These advanced techniques are vital for unraveling the distribution, association, and speciation of REEs in coal ashes. This understanding not only informs the feasibility of REE recovery but also sheds light on the physical and chemical processes during the formation and incineration of ashes.
Ketris and Yudovich (2009) estimated that coal fly ashes contain an average of 445 ppm of REEs on a global scale. In addition to the cumulative REE content within fly ash, the proportion of critical elements within this content and the ratio of critical to excessive elements, expressed as an outlook coefficient, as highlighted in the evaluation by Seredin and Dai (2012), is of paramount importance.
Several studies have documented the presence of REEs in coal ash.
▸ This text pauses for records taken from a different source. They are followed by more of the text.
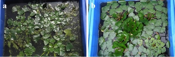 圖1 水龍在豬場養殖廢水生長狀況(a:第1天;B:第15天)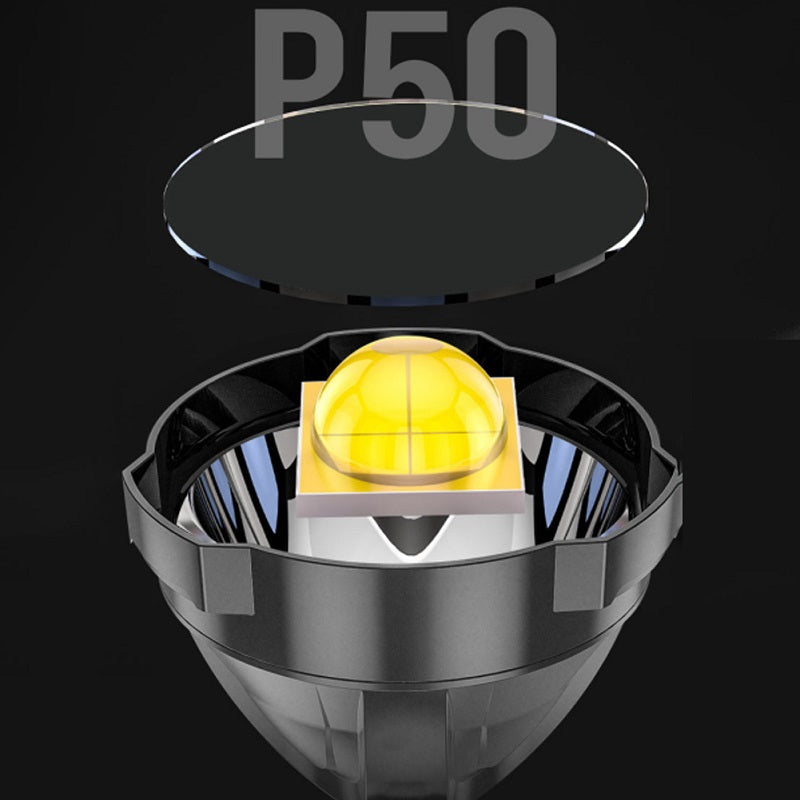 -This flashlight adopts he latest P50 LED strong light lens with large irradiation area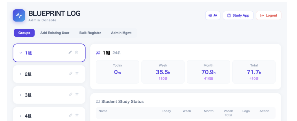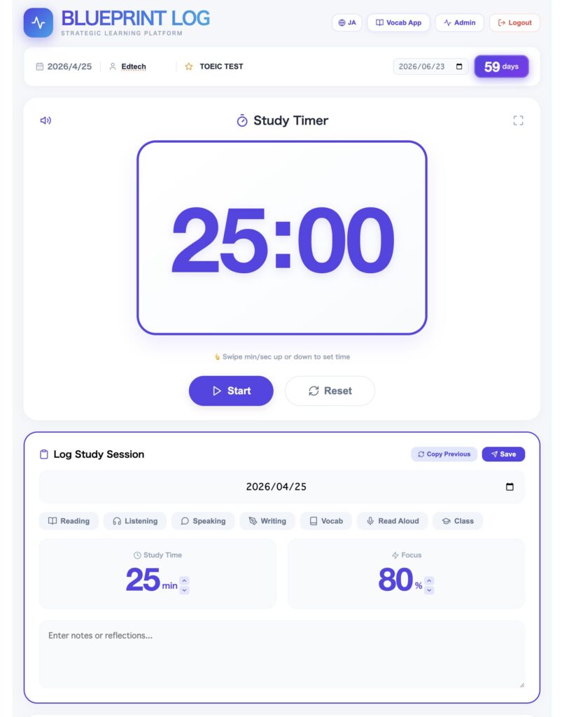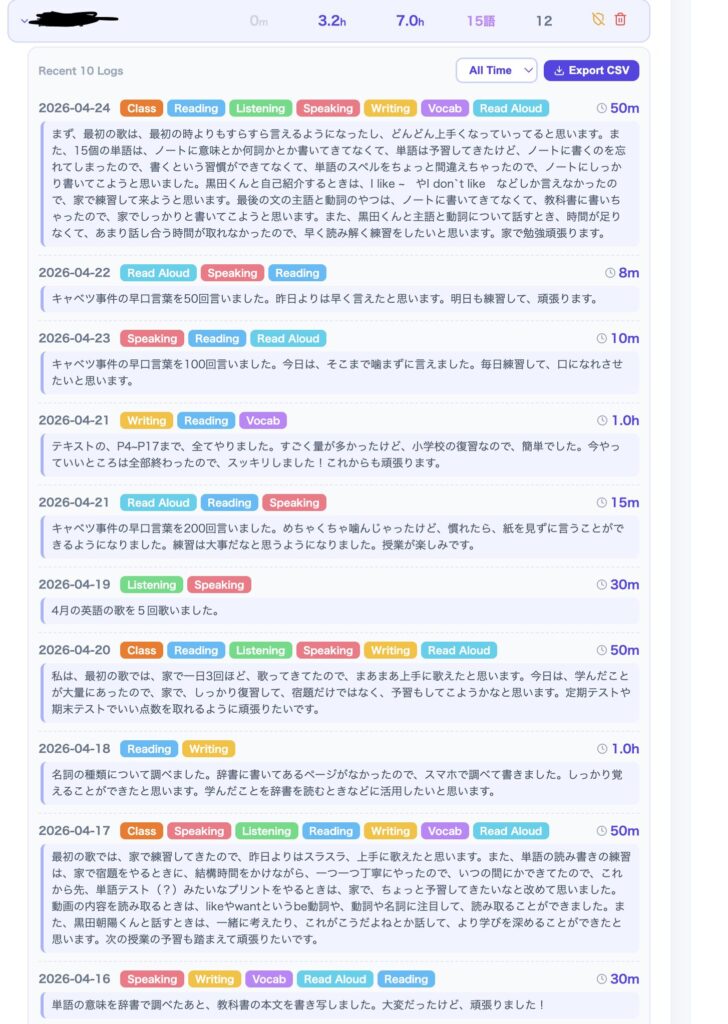 Daily use: Students log their English study at home. It takes about 60 seconds. Some students start with minimal reflections ("I studied vocab"), but over weeks, their reflections become richer ("I tried reading a news article without a dictionary and understood about 60% — I need to focus more on guessing meaning from context").

Bielowicz (2020) reported a gallium content of 110.4 ppm in coal ashes from the Bogdanka deposit in Poland. In China, approximately 140 ppm of vanadium is extracted from coal ash (Ketris & Yudovich, 2009). Scandium, although naturally occurring in the Earth’s crust at a concentration of approximately 22 ppm (Rudnick & Gao, 2022), is widely dispersed. However, it reaches 24 ppm in coal ashes. Franus et al. (2015) investigated fly ashes and identified critical element contents ranging from 30.46% to 38.26% and outlook coefficients ranging from 0.78 to 1.07. Therefore, it can be considered a promising source of REEs for economic development (Seredin & Dai 2012).
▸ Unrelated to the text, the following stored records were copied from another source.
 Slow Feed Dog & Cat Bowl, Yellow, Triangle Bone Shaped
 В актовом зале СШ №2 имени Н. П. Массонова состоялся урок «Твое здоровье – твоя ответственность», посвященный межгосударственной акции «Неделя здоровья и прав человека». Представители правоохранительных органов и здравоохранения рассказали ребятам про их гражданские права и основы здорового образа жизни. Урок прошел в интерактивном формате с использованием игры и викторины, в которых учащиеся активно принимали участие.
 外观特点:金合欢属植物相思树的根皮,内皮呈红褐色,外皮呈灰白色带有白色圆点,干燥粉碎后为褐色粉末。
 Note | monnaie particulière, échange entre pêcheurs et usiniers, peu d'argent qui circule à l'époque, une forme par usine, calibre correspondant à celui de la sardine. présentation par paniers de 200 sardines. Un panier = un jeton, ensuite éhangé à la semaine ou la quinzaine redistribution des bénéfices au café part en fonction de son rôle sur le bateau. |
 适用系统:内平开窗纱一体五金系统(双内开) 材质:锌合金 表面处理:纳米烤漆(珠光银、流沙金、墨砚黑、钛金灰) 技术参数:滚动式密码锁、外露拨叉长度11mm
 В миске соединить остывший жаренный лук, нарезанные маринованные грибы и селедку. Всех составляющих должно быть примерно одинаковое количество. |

4. Methods REE Extraction from Coal Ashes: Exploring Techniques for Separation and Concentration
The successful recovery of REEs from coal ashes requires efficient and selective extraction methods that allow for the separation and concentration of these elements from the ash matrix.
Given the complexity of ashes and the low concentrations of REEs, various extraction techniques have been developed to address this challenge.
4.1. Chemical Leaching
Chemical leaching is one of the most common and widely investigated methods for extracting REEs from coal ashes. This process involves the use of acidic or basic solutions to selectively dissolve REEs and other soluble components present in the ash matrix. The choice of leaching agent and reaction conditions are critical factors influencing the efficiency of extraction (Wen et al., 2022).
The appropriate selection of the leaching agent is essential to ensure efficient and selective extraction of REEs. Acids and bases are the most used agents in the chemical leaching of coal ashes. Acids such as hydrochloric acid (HCl) or nitric acid (HNO3) can dissolve REEs by forming soluble complexes (Arrachart et al., 2021). On the other hand, bases like sodium hydroxide (NaOH) or ammonium hydroxide (NH4OH) can dissolve REEs by forming complex ions (Islam, Wagh et al., 2022).
In addition to the leaching agent, reaction conditions such as temperature, leaching time, and solid-liquid ratio are also crucial in determining extraction efficiency. Optimizing these conditions can improve the solubility of REEs and minimize the leaching of other unwanted components (Gergoric et al., 2019).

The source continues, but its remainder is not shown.